Make sure to bump the major version! ^.^

Ooo, very cool! I really should flesh out the Parserx branch sometime… ^.^;

Eh, almost, it’s missing a couple of features still, like expect is absolutely necessary to have proper errors at the correct locations in many cases and state handling is extremely important in many types of parsers or you can’t get context-sensitive parsers to work without multiple passes (which often makes errors significantly more inaccurate as well as overall slower). Maybe a couple other things but those are the biggies.

josevalim · December 12, 2018, 5:20pm

I am going by the definition here: Parsing expression grammar - Wikipedia

If you have some time, can you please expand on what I am missing?
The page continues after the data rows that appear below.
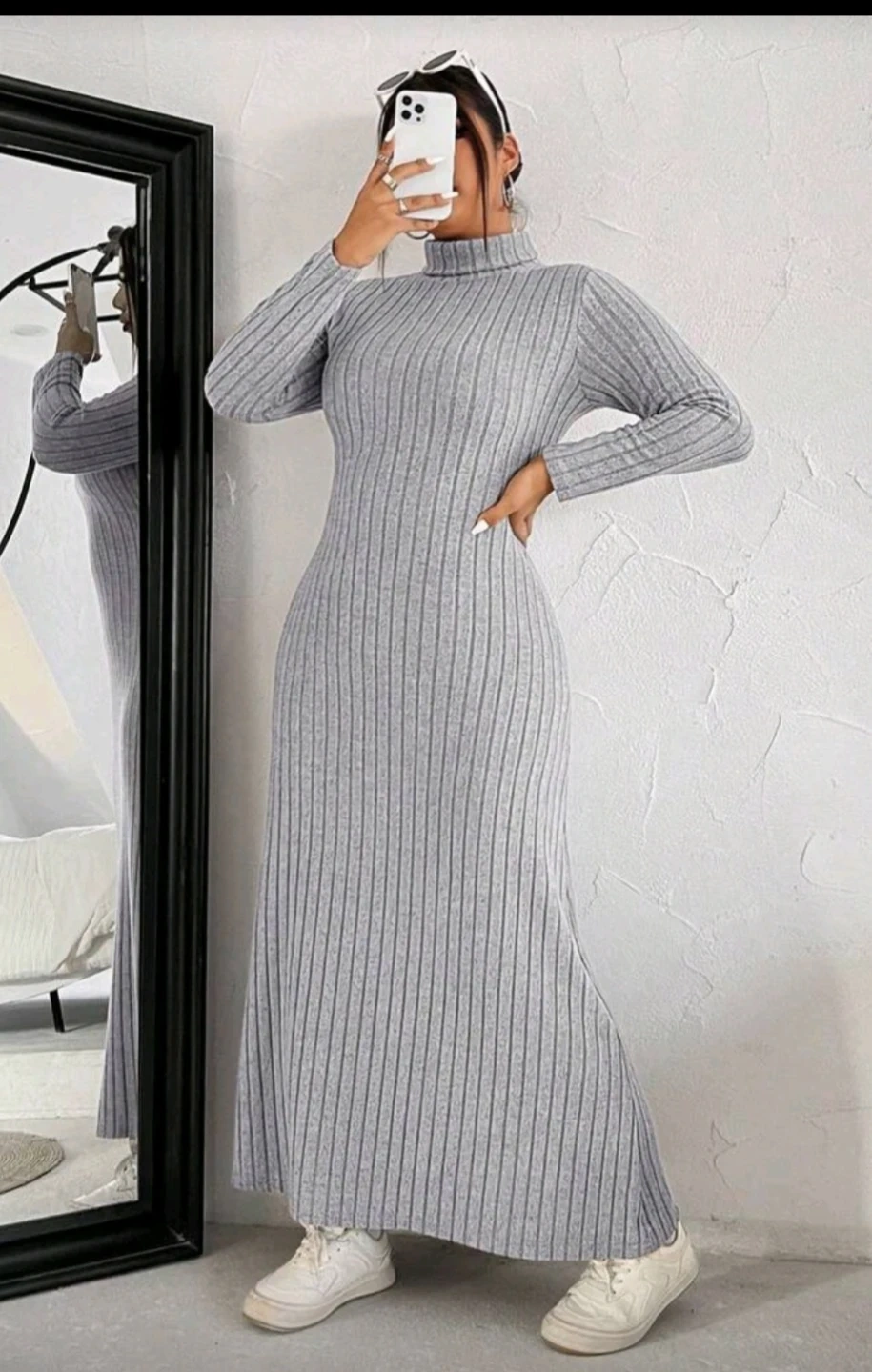 NEW Shein Grey Ribbed Turtleneck Maxi Dress - Size L
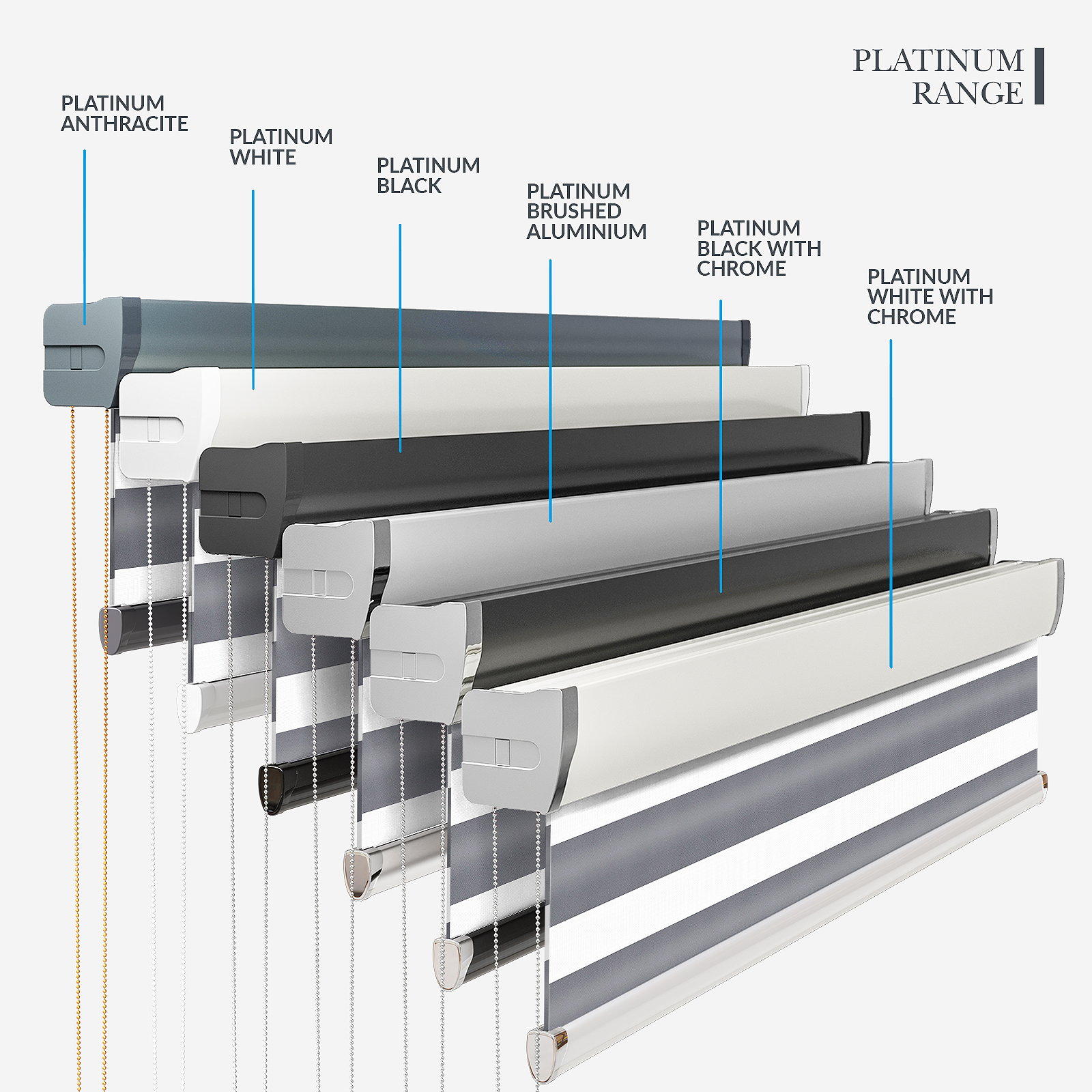 Touched By Design Nova Urban Grey Embrace the timeless elegance of classic day & night blinds or enhance your décor with our stylish upgrade options. The Designer style features a refined touch of your chosen fabric on the headrail and a sleek bottom bar, with three chic colour options to choose from. For a more luxurious option, the Platinum upgrade offers six hardware colours, providing a truly personalised finish. Whichever you choose, all options promise to bring a stylish and sophisticated touch to any room!
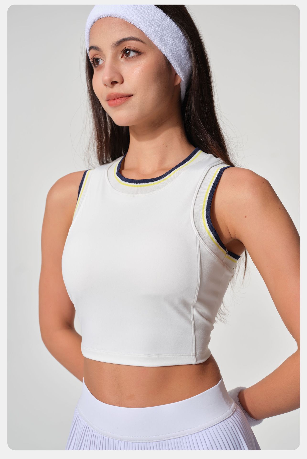 Yoga Exercise Vest Contrast Color Striped Detachable Chest Pad High Elastic Quick Drying Breathable Fitness Women Top
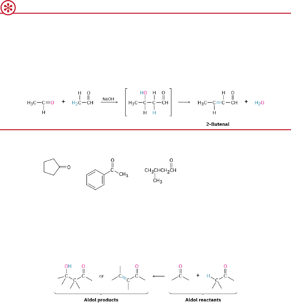 WORKED EXAMPLE 23.2 Predicting the Product of an Aldol Reaction What is the structure of the enone obtained from aldol condensation of acetaldehyde? Strategy In the aldol reaction, H2O is eliminated and a double bond is formed by removing two hydrogens from the acidic α position of one partner and the carbonyl oxygen from the second partner. The product is thus an α,β-unsaturated aldehyde or ketone. Solution PROBLEM 23-3 What enone product would you expect from aldol condensation of each of the following compounds? (a) (b) (c) PROBLEM 23-4 Aldol condensation of 3-methylcyclohexanone leads to a mixture of two enone products, not counting double-bond isomers. Draw them. 23.4 Using Aldol Reactions in Synthesis The aldol reaction yields either a β-hydroxy aldehyde/ketone or an α,β-unsaturated aldehyde/ketone, depending on the experimental conditions. By learning how to work backward, it’s possible to predict when the aldol reaction might be useful in synthesis. Whenever the target molecule contains either a β-hydroxy aldehyde/ ketone or a conjugated enone functional group, it might come from an aldol reaction. We can extend this kind of reasoning even further by imagining that subsequent transformations might be carried out on the aldol products. For example, a saturated ketone might be prepared by catalytic hydrogenation of the enone product. A good example can be found in the industrial preparation of 2-ethyl-1-hexanol, an alcohol used in the synthesis of plasticizers for polymers. Although 2-ethyl-1-hexanol bears little resemblance to an aldol product at first glance, it is in fact prepared commercially from butanal by an aldol reaction. Working backward, we can reason that 2-ethyl-1-hexanol might come from 2-ethylhexanal by a reduction. 2-Ethylhexanal, in turn, might be prepared by catalytic reduction of 2-ethyl-2-hexenal, which is the aldol condensation product of butanal. The reactions that follow show the sequence in reverse order. 23.4 • Using Aldol Reactions in Synthesis 833 PROBLEM 23-5 Which of the following compounds are aldol condensation products? What is the aldehyde or ketone precursor of each? (a) 2-Hydroxy-2-methylpentanal (b) 5-Ethyl-4-methyl-4-hepten-3-one PROBLEM 23-6 1-Butanol is prepared commercially by a route that begins with an aldol reaction. Show the steps that are likely to be involved. PROBLEM 23-7 Show how you would synthesize the following compound using an aldol reaction: 23.5 Mixed Aldol Reactions Until now, we’ve considered only symmetrical aldol reactions, in which the two carbonyl components have been the same. What would happen, though, if an aldol reaction were carried out between two different carbonyl partners? In general, a mixed aldol reaction between two similar aldehyde or ketone partners leads to a mixture of four possible products. For example, base treatment of a mixture of acetaldehyde and propanal gives a complex product mixture containing two “symmetrical” aldol products and two “mixed” aldol products. Clearly, such a reaction is of no practical value. On the other hand, mixed aldol reactions can lead cleanly to a single product if either of two conditions is met: • If one of the carbonyl partners contains no α hydrogens (and thus can’t form an enolate ion to become a donor), but does contain an unhindered carbonyl group (and so is a good acceptor of nucleophiles), then a mixed aldol reaction is likely to be successful. This is the case, for instance, when either benzaldehyde or 834 23 • Carbonyl Condensation Reactions Access for free at openstax.org formaldehyde is used as one of the carbonyl partners. Neither benzaldehyde nor formaldehyde can form an enolate ion to add to another partner, yet both compounds have an unhindered carbonyl group. The ketone 2-methylcyclohexanone, for instance, gives the mixed aldol product on reaction with benzaldehyde. • If one of the carbonyl partners is much more acidic than the other, and is thus transformed into its enolate ion in preference to the other, then a mixed aldol reaction is likely to be successful. Ethyl acetoacetate, for instance, is completely converted into its enolate ion in preference to enolate ion formation from monocarbonyl partners. Thus, aldol condensations of monoketones with ethyl acetoacetate occur preferentially to give the mixed product. The situation can be summarized by saying that a mixed aldol reaction leads to a mixture of products unless one of the partners either has no α hydrogens but is a good electrophilic acceptor (such as benzaldehyde) or is an unusually acidic nucleophilic donor (such as ethyl acetoacetate). PROBLEM 23-8 Which of the following compounds can probably be prepared by a mixed aldol reaction? Show the reactants you would use in each case. (a) (b) (c) 23.6 Intramolecular Aldol Reactions The aldol reactions we’ve seen thus far have all been intermolecular, meaning that they have taken place between two different molecules. When certain dicarbonyl compounds are treated with base, however, an intramolecular aldol reaction can occur, leading to the formation of a cyclic product. For example, base treatment of a 1,4-diketone such as 2,5-hexanedione yields a cyclopentenone product, and base treatment of a 1,5-diketone such as 2,6-heptanedione yields a cyclohexenone. 23.6 • Intramolecular Aldol Reactions 835 The mechanism of intramolecular aldol reactions is similar to that of intermolecular reactions. The only difference is that both the nucleophilic carbonyl anion donor and the electrophilic carbonyl acceptor are now in the same molecule. One complication, however, is that intramolecular aldol reactions might lead to a mixture of products, depending on which enolate ion is formed. For example, 2,5-hexanedione might yield either the five-membered-ring product 3-methyl-2-cyclopentenone or the three-membered-ring product (2-methylcyclopropenyl) ethanone (FIGURE 23.4). In practice, though, only the cyclopentenone is formed. FIGURE
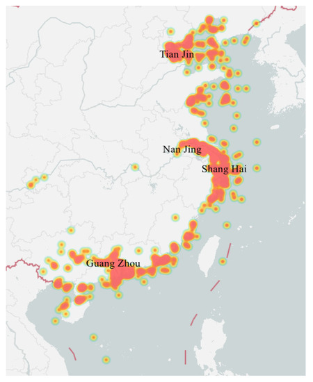 Figure 1. Heat map of the locations of maritime accidents along the Chinese coastline.
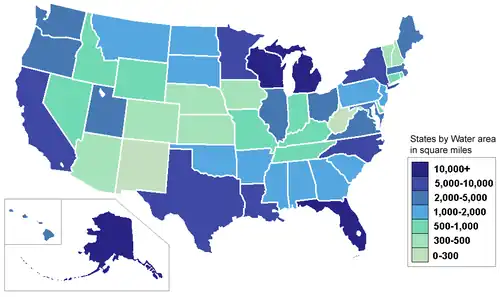 Esta es una lista de los estados de los Estados Unidos y sus principales territorios por superficie. Las cifras de superficies acuáticas incluyen aguas interiores y costeras, los Grandes Lagos y aguas territoriales. Los glaciares y las zonas acuáticas intermitentes se cuentan como superficie terrestre.[1]
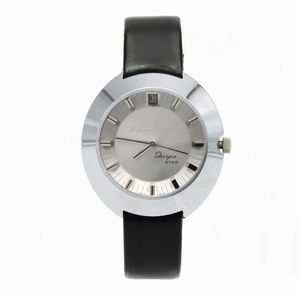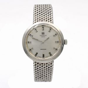 1970 circa in acciaio cromato, cassa di forma 40 mm. quadrante argentato datario tra le ore 4 e 5, movimento [..]

If you could provide a reference, even better!

We state-handling via traverse and repeat_while. I.e. it is possible to pass a context around, with your own state, as nimble parsec operates. What am I missing here too?

tmbb · December 12, 2018, 5:41pm

@OvermindDL1 is mixing a couple things that make his post confusing. A PEG parser is something that abides by the definition above. PEG parsers don’t need to keep state and they don’t need to recognize context-sensitive languages.

I believe they also don’t require the expect combinator to be considered PEG parsers. It’s just something that’s nice to have. Currently, NimbleParsec handles all errors as something that says that you should try the next parser. But sometimes, you might have an error in which you want to stop parsing altogether instead of keep trying. That saves you time (because you interrupt the parsing process) and gives better error messages. Basically, expect is a convenience combinator which raises an exception which halts parsing completely (and could even be implemented as such).

So, there are two things here:

State handling, à la Spirit, to recognize things like indentation, matching XML tags, etc
The expect handler

None of which are strictly required in a PEG parser. The first makes your parser more powerful than a PEG parser and the second one is just a convenience.